Since the 1970s, the Janus laser, now part of the Jupiter Laser Facility (JLF), has served as an experimental proving ground to Lawrence Livermore National Laboratory's (LLNL) laser and fusion programs and the broader high-energy-density and laser science communities.
Today, JLF is not only home to Janus - one of the world's few hands-on laser platforms producing kilojoules of energy - but also Titan, a unique laser platform that combines high-energy pulses with long and extremely short pulse lengths, and COMET: a high repetition, standalone, compact multipulse terawatt laser system.
As one of the founding members of LaserNetUS - a constellation of laser facilities across North America - JLF is a prototype for the no-cost user facility model, operating on the idea that all researchers, regardless of their home institutions' laser capabilities, should have access to the brightest light available.
Former JLF director (now retired) Robert Cauble says, "My favorite part of my role was watching researchers and students come in and learn how to put experiments together, spending several weeks to set up, troubleshoot and acquire data. Seeing how driven they were to get results, thinking through the physics and technology in real time to reach a solution, was very rewarding."
To meet the growing demands of its user community, JLF underwent a four-year-long modernization effort before resuming normal operations in 2024. In its first year back, the facility hosted 65 users from 20 institutions and supported 15 experiments - each experimental campaign spans approximately four weeks, allowing time for assembly, troubleshooting and data collection.
Thanks to the hands-on support of the JLF Operations Team and LLNL's Physical and Life Sciences and National Ignition Facility and Photon Science (NIF&PS) organizations, JLF made several hundred small improvements and a number of large-scale renovations and new additions. Now, JLF offers enhanced energy and performance capabilities, higher shot rates and improved diagnostic instrumentation. In fact, many diagnostic tools currently used to capture valuable data from ignition experiments at NIF were originally developed at JLF, underscoring the synergistic and full-circle impact of this collaboration.
One new, notable addition to JLF is an advanced laser pulse-shaping technology known as STILETTO (Space-Time Induced Linearly Encoded Transcription for Temporal Optimization). STILETTO was coinvented by JLF and NIF&PS and made possible thanks to funding from LLNL's Laboratory Directed Research and Development program (21-ERD-034) and the Department of Energy's (DOE) Office of Fusion Energy Sciences (FES).
This new capability allows researchers to create highly customizable laser pulses with resolutions down to the picosecond (a trillionth of a second), generating over 1,000 independent temporal features (time-based attributes) over durations of up to 600 picoseconds. STILETTO's space-to-time mapping capabilities are analogous to a runner - in advance of their run - being able to precisely control and predict where their foot will land and with what intensity at each point in time. In a laser experiment, STILETTO can map where (spatially) and when (temporally) each feature of the laser pulse will occur.
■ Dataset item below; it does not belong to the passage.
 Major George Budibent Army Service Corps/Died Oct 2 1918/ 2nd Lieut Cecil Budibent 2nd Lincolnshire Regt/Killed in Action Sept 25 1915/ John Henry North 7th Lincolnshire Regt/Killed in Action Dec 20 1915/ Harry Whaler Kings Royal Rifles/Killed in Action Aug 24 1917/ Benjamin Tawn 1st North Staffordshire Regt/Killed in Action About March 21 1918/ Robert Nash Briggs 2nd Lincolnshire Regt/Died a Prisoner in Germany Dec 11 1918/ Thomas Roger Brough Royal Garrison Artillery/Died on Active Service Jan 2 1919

With additional funding from the DOE's FES program, the facility was also able to add a third beamline in the laser bay dedicated to short-pulse operations in Titan. Now, with the dedicated short pulse and two long-pulse beamlines - one dedicated to Janus and the other switchable between Titan and Janus - the laser bay can shoot twice as often, more effectively serving simultaneous experiments in Titan and Janus.
The enhancements don't stop there, though. New, larger gratings were installed to improve the energy of Titan's short pulse by a factor of two (from 150 joules of energy to 300 joules), enabling close to a petawatt of power - about 1,000 times the capacity of the entire U.S. electrical grid - in 0.4 picoseconds.
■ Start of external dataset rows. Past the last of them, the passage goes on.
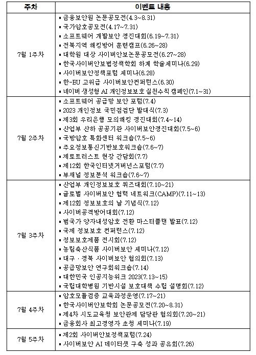 한편, 국정원, 행안부, 금융위, 복지부, 산업부, 농림부, 지자체 등 관련기관에서도 ‘정보보호의 달’을 맞이하여 논문공모전, 경진대회, 학술세미나 등 다양한 연계행사와 이벤트를 진행할 예정이다.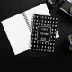 Pattern of white skulls on a black background. This planner will allow you to plan your tasks the way you like.Personalise by add your name, title and year.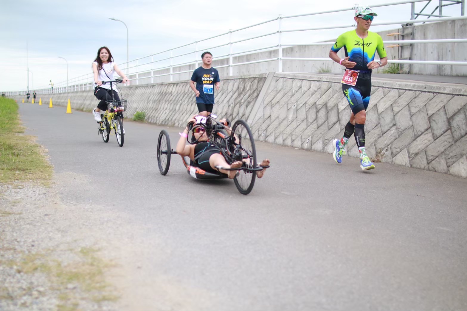 スイム25m弱(海)、バイク3km、ラン1.1kmと、程よい距離で完走を目指せる設定。 - 一直線で走れる気持ちよさ

For the user community, the new and improved facility will encourage researchers to stretch the realm of possibility and pursue novel experimental ideas at JLF.
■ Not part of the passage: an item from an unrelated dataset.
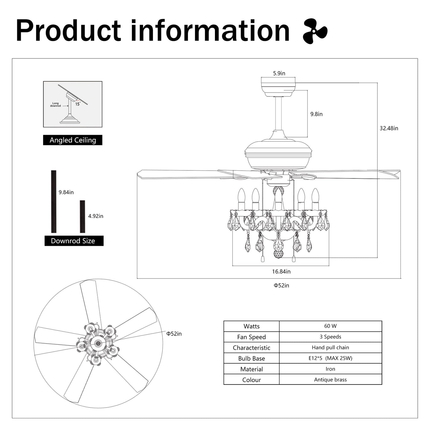 - Versatile Installation: Compatible with standard or angled ceilings, includes two down rods.

Current JLF director Félicie Albert recounts just how vital JLF was to her early career at LLNL.
"One year, I prepared an experiment on Titan and all I got was noise with a hint of signal," she said. "The next year, I asked the JLF team if I could install a new parabolic mirror in Titan with a longer focal length, which required changes to the target chamber. Thanks to the JLF team's help, the experiment worked, and we got a good paper out of it. I love that part of JLF - how willing people are to help. It makes the long days of experiments worthwhile."
More than ever before, JLF is ready to address unique challenges and questions in high-energy-density and laser science at an international scale, train the next generation of researchers, and support larger laser facilities like NIF.